В аудитории к этому времени появились первые заочницы. Прошу зажигалку. Подают все три одновременно., Сквозь нестерпимую боль невольно улыбаюсь и ухожу в служебную комнату. Открываю окно, в мусорном ведре сжигаю находку. По всем правилам ей сгореть дотла. Тут в раздевалку врывается Мила.

— О! Как мне плохо, Кот! Моя задница вся исколота. Я на нее сесть не могу. Это все из-за тебя. У меня внутри все гниет! Месяц уколов и никакого толку.

Молчу как рыба, наблюдая за тонюсенькой струйкой дыма. Хотя и понимаю, что так от колдовства мамочки Милы не избавиться. Называется эта пытка бытовой приворот. Она делает вид, что дым в ведерке ее вообще не интересует. Стоит, не зная, что сказать. Звонок. Встаю с корточек и ухожу гореть на лекцию.

А священник знал, что говорил. Через три года мой врач-гастроэнтеролог скажет:

— Диагноз поставлен правильно, лечение назначено верно. Ты за три года выпил столько лекарств, что на них можно было без труда поднять на ноги два отделения.

Святитель Спиридон Тримифунтский

Не один святитель Иоасаф помогал мне в тот богатый на искушения месяц. После публичного сожжения Милиных прокладок мне стало еще хуже. Лекции выжимали последние силы кипящего в адском вареве учителя. Не выдерживая бедствия, свалившегося на голову, шел в церковь.

Перед началом службы обходил и прикладывался ко всем иконам.
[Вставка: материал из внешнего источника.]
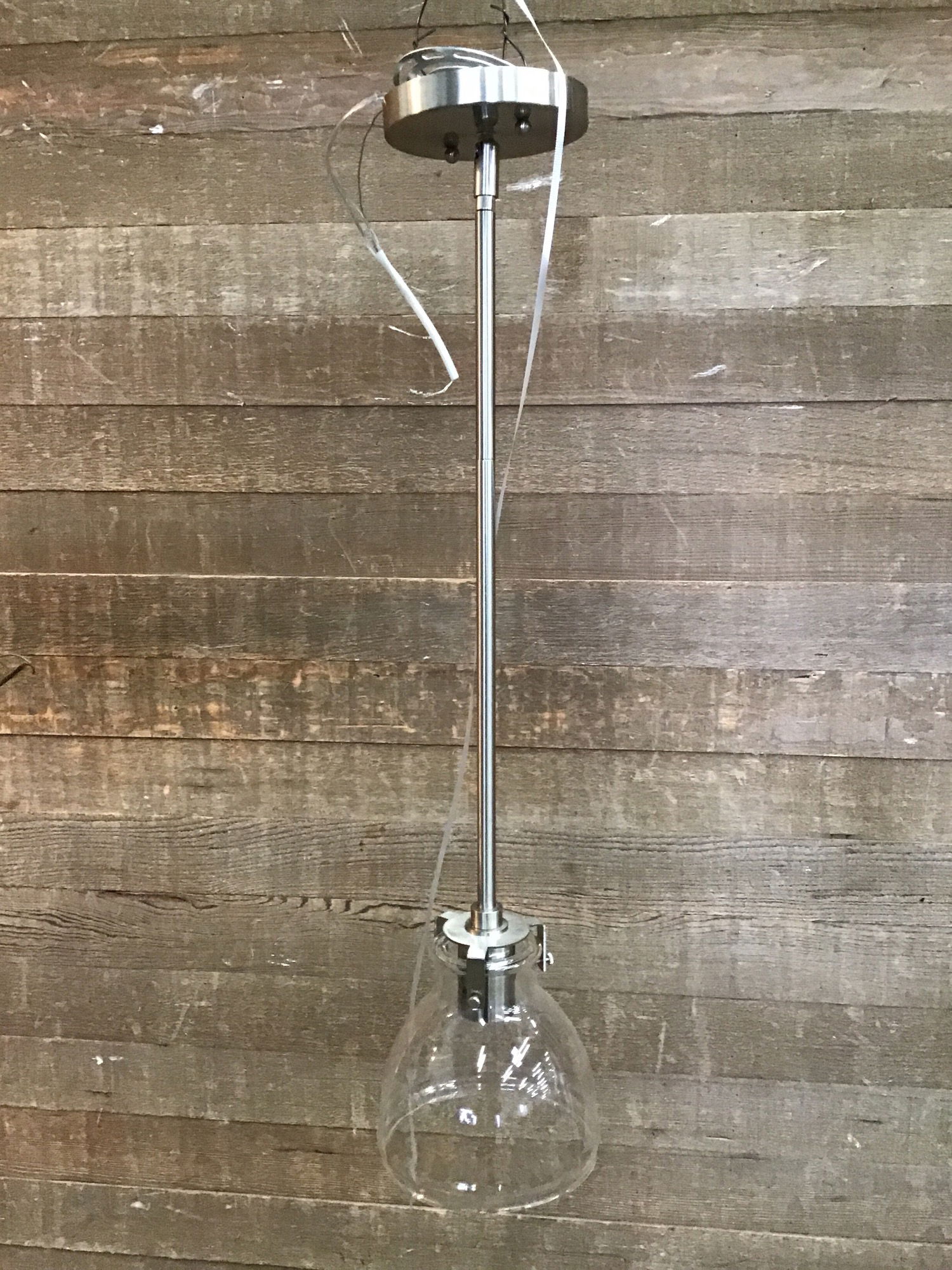 Clear glass shade mounted on a satin nickel finish. Assembled in house in like-new shape.
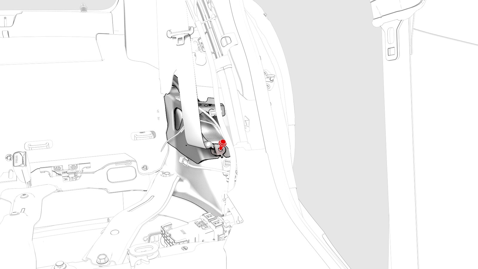 - Remove the LH 2nd row seat side bolster. See Bolster - Side - Seat - 2nd Row - LH (Remove and Replace).
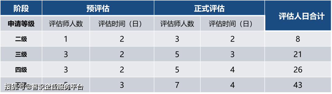 根据申请评估等级不同,评估时间参考如下:
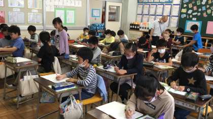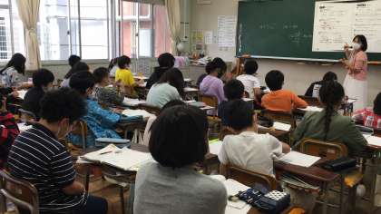 2時間目の4年1組、2組です。算数の学習をしています。整数÷整数の計算を工夫して解くために、考えたり、教え合ったりしています。

Просил только одного — убрать нестерпимое состояние огня, пожирающего внутренности. Уже не было сил терпеть. Многие в таком состоянии кончали жизнь самоубийством. Дополз до иконы чудотворца святителя Спиридона.

— Святителю добрый, помоги! Нет сил терпеть эту муку!

И вдруг я услышал голос человека прямо из иконы.

— Деточка! Мы все ходили просить за тебя. Но Бог неумолим. Ты должен терпеть!

Что тогда со мной произошло, помню плохо. Но эта неожиданное обращение к простому смертному, истерзанному наведенными на него бесами, вновь заставило меня почувствовать себя человеком. Подняло с пола. Так великие святые учили меня не опускаться перед нечистью и терпеть нестерпимое.

Пройдет девятнадцать лет и в маленьком сельском храме священник скажет мне, как он поступает в подобных случаях. Ведь делают насмерть не только прихожанам, но и служителям Господним.

— Одна старуха на предыдущем приходе кидала мне под ноги обглоданные косточки терновника. Неспроста. Запретил ей, так она под алтарь стала швырять. Не войти, вокруг терн. Хорошо! Собрал все, доехал до кладбища и закопал в могилу. Месяц спустя ее нашли повешенной в сарае.

Мой духовник прекрасно знал не только об этом, но и о многом другом. Однако он никогда не помогал рядовым прихожанам, попавшим в подобные ситуации.

— Терпите. Молитесь. Ходите почаще в церковь. На исповедь, на причастие. Живите благочестиво. Бог вас не оставит.

Всем, кому он так говорил, давно в могиле.

1999 Ильин день

Второго августа на отпусте священник неожиданно объявил, что вечером будет акафист Ильи пророку. Понедельник. Акафисты в соборе читались только по воскресным дням.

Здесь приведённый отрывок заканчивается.